> _TO DO_: Omit any pictures, and restate word for word only the lines from the one with "Equipped with 4WD, 18" through the end of the data below.

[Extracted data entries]
┌──
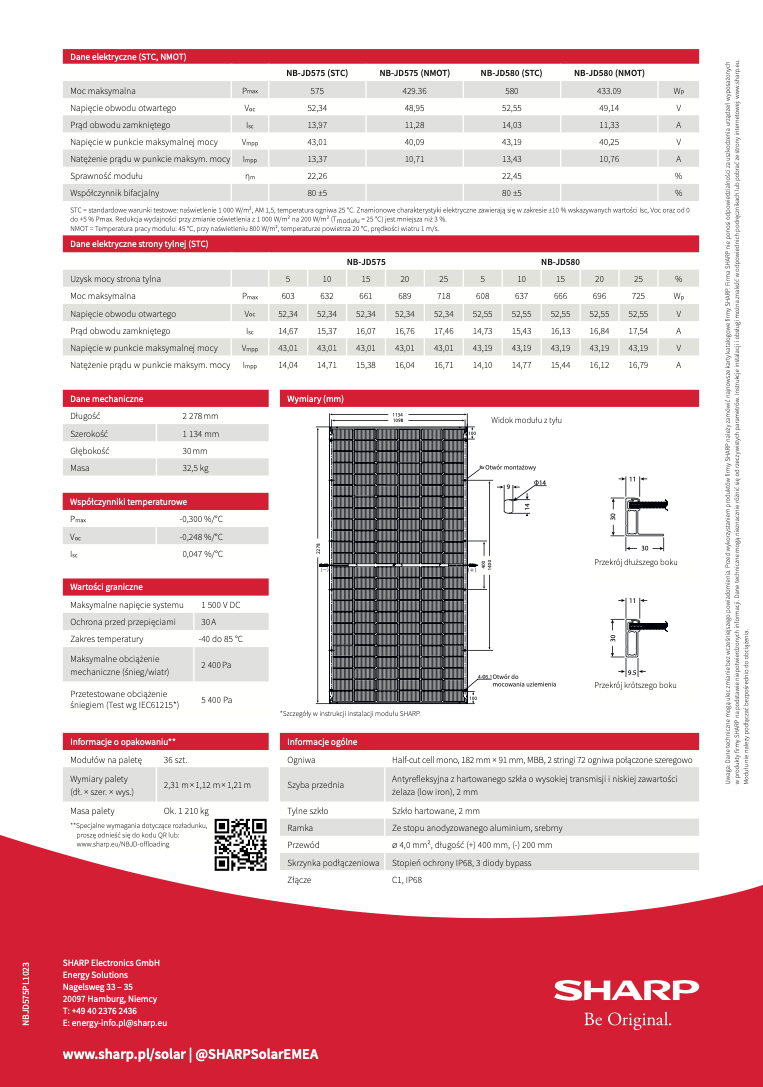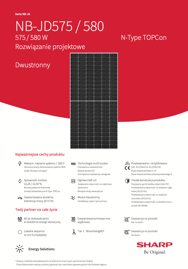Sharp to lider w branży fotowoltaicznej. Firma może poszczycić się najdłuższym w branży, ponad 50-letnim doświadczeniem opracowywania rozwiązań w zakresie modułów słonecznych. Sharp dzięki  dostarczeniu 50 milionów najnowocześniejszych paneli fotowoltaicznych tysiącom klientów na całym świecie łącznie wyprodukowała już ponad 15 GW zielonej energii. Dzięki ciągłym innowacją technologicznym i trwałej renomie na rynku, Sharp znalazło się na liście Bloomberga Tier 1 najbardziej godnych zaufania producentów paneli słonecznych. Ich moduł fotowoltaiczny 575 W NB-JD575 to gwarancja jakości i niezawodnego wytwarzania energii elektrycznej.
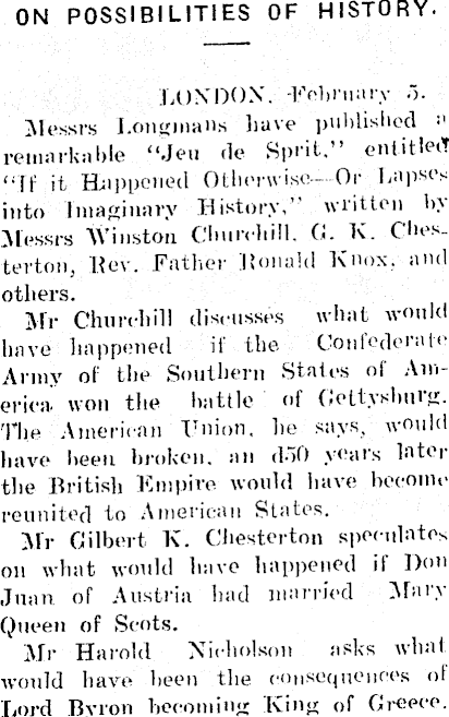 ON POSSIBILITIES OF HISTORY. LONDON. -February 5. Messrs Longmans have published a remarkable “Jen tie Sprit.” entitled“ff jt Happened Otherwise Or Lapses into Imaginary History,” written by Messrs Winston Churchill. 0. K. Chesterton, Rev. Father Ronald Knox, and others. Air Churchill dismisses what would have happened if the Confederate Army of the Southern States ol America. won the battle of Gettysburg. 'The American Union, lie says, would have been broken, an dSO years later the British Empire would have become reunited to American Slates. Air Gilbert K. Chesterton speculates on what would have happened if Don Juan of Austria had married Alary Queen of Scots. Air Harold Nicholson asks what would have been the consequences of Lord Byron becoming King of Greece.
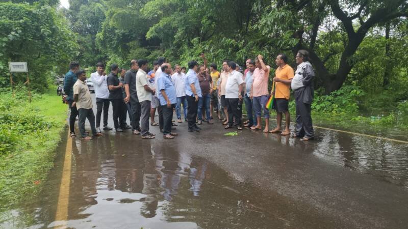 *🎴 कणकवली, दि.२२:* कणकवली तालुक्याला शुक्रवारी रात्री पावसाने जोरदार मुसंडी मारल्यामुळे शनिवारी दुपारपर्यंत अनेक रस्ते पाण्याखाली गेले वाहतूक विस्कळीत झाली आजरा कणकवली मार्गावर पाणी भरल्याने हा मार्ग पूर्ण बंद झाला. याबाबतची माहिती भाजपचे नेते आमदार नितेश राणे यांना कळताच वरवडे येथे फणस नगर येथे जावून पूरस्थितीची पाहणी केली. पावसाचा जोर वाढल्यास नजीकच्या वस्तीत पाणी घुसल्यात सावधानता म्हणून काय उपाययोजना करण्यात आल्या आहेत याची माहिती आमदार नितेश राणे यांनी प्रशासनाकडून घेतली. ग्रामस्थांशी चर्चा करून दिवस-रात्र सावध राहा,सतर्क रहा आणि पाणी वाढल्यास वस्तीत येत असल्यास सुरक्षित ठिकाणी जा अशा सूचना ही यावेळी आमदार नितेश राणे यांनी केल्या. शुक्रवारी रात्री सुरू झालेल्या मुसळधार पावसामुळे जानवली व गडनदीला पूर आल्याने लगतच्या भागांना पुराचा वेढा पडला. जानवलीनदीला पूर आल्यामुळे आचरा मार्गावर पाणी भरले.त्यामुळे वाहतूक ठप्प झाली.गडनदीवरील केटीबंधारे पाण्याखाली गेले असून मराठा मंडळ लगत असलेला केटी बंधाऱ्यावरून पाणी गेल्याने या मार्गावरून वाहतूक करणाऱ्या नागरिकांना सतर्कतेचा इशारा दिलेला आहे.
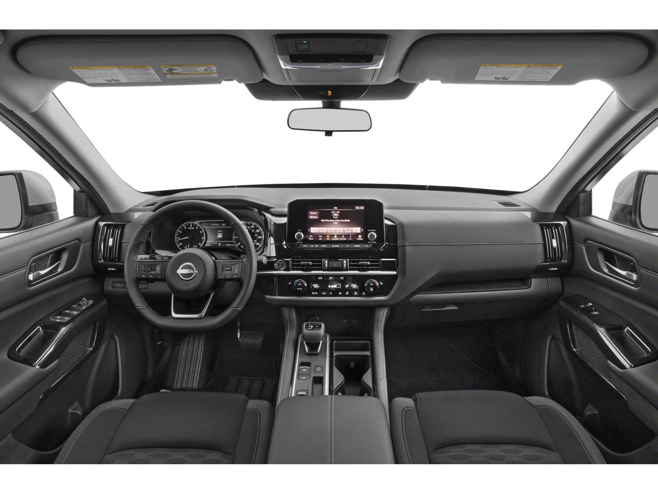 Equipped with 4WD, 18 Painted Alloy Wheels, 3rd row seats: bench, 4-Wheel Disc Brakes, 6 Speakers, ABS brakes, Air Conditioning, Alloy wheels, AM/FM radio: SiriusXM, Auto High-beam Headlights, Automatic temperature control, Axle Ratio: TBD, Bench Seat Carpeted Floor Mats (Set of 4), Black Splash Guards (Set of 4), Brake assist, Bumpers: body-color, Cloth Seating Surfaces, Cross Bars, Delay-off headlights, Driver door bin, Driver vanity mirror, Dual front impact airbags, Dual front side impact airbags, Electronic Stability Control, Emergency communication system: NissanConnect Services, Four wheel independent suspension, Front anti-roll bar, Front Bucket Seats, Front Center Armrest, Front dual zone A/C, Front reading lights, Fully automatic headlights, Heated door mirrors, Heated Front Bucket Seats, Heated front seats, Illuminated entry, Knee airbag, Leather steering wheel, Low tire pressure warning, NissanConnect featuring Apple CarPlay and Android Auto, Occupant sensing airbag, Outside temperature display, Overhead airbag, Overhead console, Panic alarm, Passenger door bin, Passenger vanity mirror, Power door mirrors, Power driver seat, Power steering, Power windows, Radio data system, Radio: AM/FM Audio System w/NissanConnect, Rear air conditioning, Rear anti-roll bar, Rear Parking Sensors, Rear reading lights, Rear seat center armrest, Rear side impact airbag, Rear window defroster, Rear window wiper, Reclining 3rd row seat, Remote keyless entry, Security system, Speed control, Speed-sensing steering, Split folding rear seat, Spoiler, Steering wheel mounted audio controls, Tachometer, Telescoping steering wheel, Tilt steering wheel, Traction control, Trip computer, Turn signal indicator mirrors, and Variably intermittent wipers.
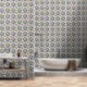 Papel Pintado Blue Gold & White Talavera Azulejo Look Tile
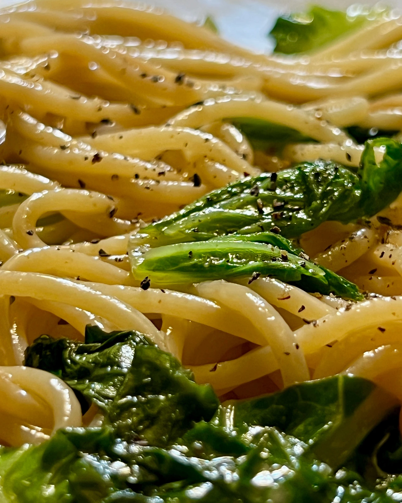 작은 봄동 1개, 스파게티 1인분, 앤초비 페이스트 1T, 올리브오일, 후추
└──
> _REPLY TO THE EXERCISE_:
 Equipped with 4WD, 18 Painted Alloy Wheels, 3rd row seats: bench, 4-Wheel Disc Brakes, 6 Speakers, ABS brakes, Air Conditioning, Alloy wheels, AM/FM radio: SiriusXM, Auto High-beam Headlights, Automatic temperature control, Axle Ratio: TBD, Bench Seat Carpeted Floor Mats (Set of 4), Black Splash Guards (Set of 4), Brake assist, Bumpers: body-color, Cloth Seating Surfaces, Cross Bars, Delay-off headlights, Driver door bin, Driver vanity mirror, Dual front impact airbags, Dual front side impact airbags, Electronic Stability Control, Emergency communication system: NissanConnect Services, Four wheel independent suspension, Front anti-roll bar, Front Bucket Seats, Front Center Armrest, Front dual zone A/C, Front reading lights, Fully automatic headlights, Heated door mirrors, Heated Front Bucket Seats, Heated front seats, Illuminated entry, Knee airbag, Leather steering wheel, Low tire pressure warning, NissanConnect featuring Apple CarPlay and Android Auto, Occupant sensing airbag, Outside temperature display, Overhead airbag, Overhead console, Panic alarm, Passenger door bin, Passenger vanity mirror, Power door mirrors, Power driver seat, Power steering, Power windows, Radio data system, Radio: AM/FM Audio System w/NissanConnect, Rear air conditioning, Rear anti-roll bar, Rear Parking Sensors, Rear reading lights, Rear seat center armrest, Rear side impact airbag, Rear window defroster, Rear window wiper, Reclining 3rd row seat, Remote keyless entry, Security system, Speed control, Speed-sensing steering, Split folding rear seat, Spoiler, Steering wheel mounted audio controls, Tachometer, Telescoping steering wheel, Tilt steering wheel, Traction control, Trip computer, Turn signal indicator mirrors, and Variably intermittent wipers.
 Papel Pintado Blue Gold & White Talavera Azulejo Look Tile
 작은 봄동 1개, 스파게티 1인분, 앤초비 페이스트 1T, 올리브오일, 후추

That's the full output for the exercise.